7 responses to “Take me—a prayer

  1. joeroe12

    nicely delicate, good work john!

  2. Mystery of mysteries… makes us so curious to know where all this is leading to…However there is something call strong hope/faith that all began well will end well. With that hope we can all rest/sleep without worryin too much. This poem is way too deep.

    • It is quite obvious that your blog name is a wonderful disguise for someone with a deep and meditative side to them! You see and hear more than most…

  3. A lovely prayer! Well done, John. I agree with you on two points, viz.
    The ‘take me’ lines do give the poem focus, and
    ‘Perfection is over rated’ is so true. Like the eastern idea of a damaged flower in an arrangement. Nothing in this world is perfect. Btw, I know less than nothing about structure in poetry so I can’t really comment.

    • Denise, the only structure that in the end is important is whether you liked it or not…whether it flows and lets the meaning sink in.

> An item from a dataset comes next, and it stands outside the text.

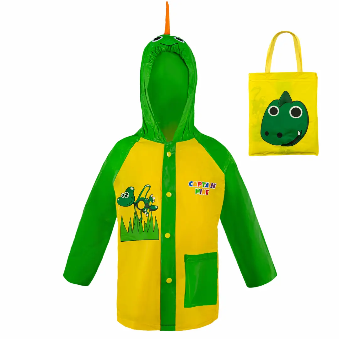 Dziecięca Kurtka Przeciwdeszczowa z Motywem Dinozaura + Pokrowiec - Stylowa Ochrona Przed Deszczem z Captain Mike.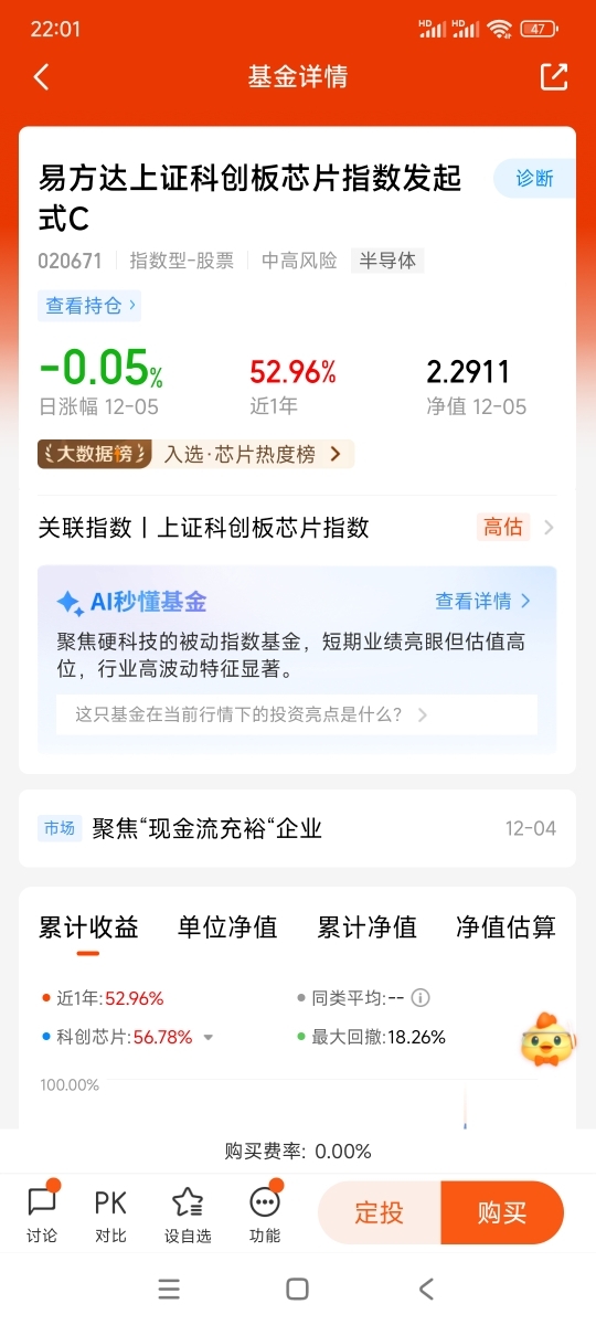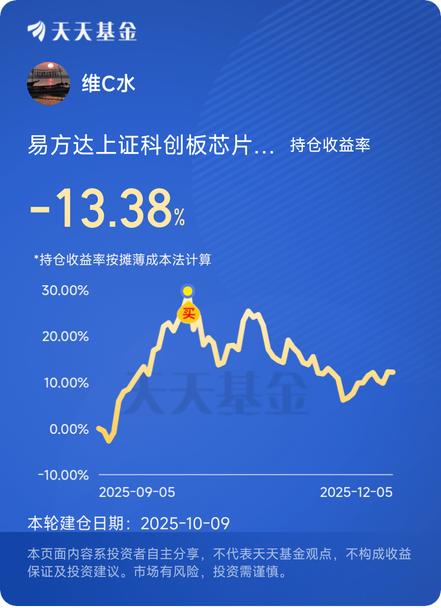 12月5日,第十六天打卡发帖,今日科创芯片微跌,$易方达上证科创板芯片指数发起式

So thank you much for the compliments. To me, the mystery of mysteries is how sincere prayer…even if the sayer does not understand the process or sees it happening consciously…slowly changes the one praying to be more humble and patient.

      And by the way, you nailed my objection to perfection perfectly. I first came across the idea when I read about Go boards in Japan…that the width of the ‘squares’ is different from the height, just so that there would not be too much uniformity.

  4. Lovely. Form is a great starting point – but why should it end there?